- **Task details**
Leave the pictures out and return every line below exactly.

- **Recorded data**
= Beginning of Section =
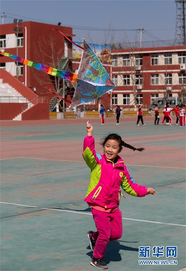 4月3日,山東臨沂市郯城縣郯城街道十里小學(xué)的學(xué)生在校園放飛風(fēng)箏。 新華社發(fā)(張春雷 攝)
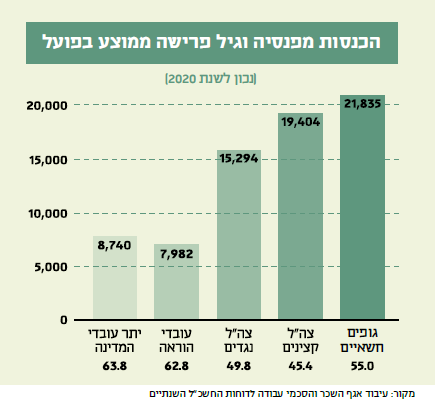 המהלך הזה הוגן במיוחד כשלוקחים בחשבון שמדובר בקריירה המסתיימת בגיל צעיר, ושאחריה ממתינה לקצינים הפנסיה הצה"לית הנדיבה, בגובה ממוצע של כ־19 אלף שקל לחודש (15 אלף לנגדים). אם מחשבים את סכום הפנסיה הכולל שקצין צפוי לקבל, בהתחשב בכך שהוא ייהנה ממנה שנים ארוכות – מגיעים לסכום אדיר של 8.8 מיליון שקלים בממוצע, פי 5.2 מעובד מדינה.
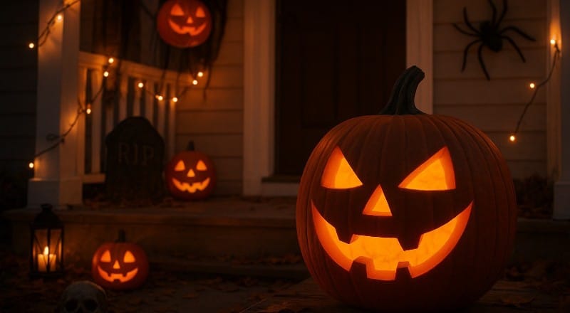 • Labu Halloween (Jack-o’-Lantern): Asal-usulnya berasal dari legenda Irlandia tentang “Stingy Jack”, seorang tokoh yang menipu iblis dan terkutuk berkeliaran dengan lentera dari lobak. Saat dibawa ke Amerika, lobak diganti labu karena lebih mudah diukir.
= End of Section =
- **Reply**
 4月3日,山東臨沂市郯城縣郯城街道十里小學(xué)的學(xué)生在校園放飛風(fēng)箏。 新華社發(fā)(張春雷 攝)
 המהלך הזה הוגן במיוחד כשלוקחים בחשבון שמדובר בקריירה המסתיימת בגיל צעיר, ושאחריה ממתינה לקצינים הפנסיה הצה"לית הנדיבה, בגובה ממוצע של כ־19 אלף שקל לחודש (15 אלף לנגדים). אם מחשבים את סכום הפנסיה הכולל שקצין צפוי לקבל, בהתחשב בכך שהוא ייהנה ממנה שנים ארוכות – מגיעים לסכום אדיר של 8.8 מיליון שקלים בממוצע, פי 5.2 מעובד מדינה.
 • Labu Halloween (Jack-o’-Lantern): Asal-usulnya berasal dari legenda Irlandia tentang “Stingy Jack”, seorang tokoh yang menipu iblis dan terkutuk berkeliaran dengan lentera dari lobak. Saat dibawa ke Amerika, lobak diganti labu karena lebih mudah diukir.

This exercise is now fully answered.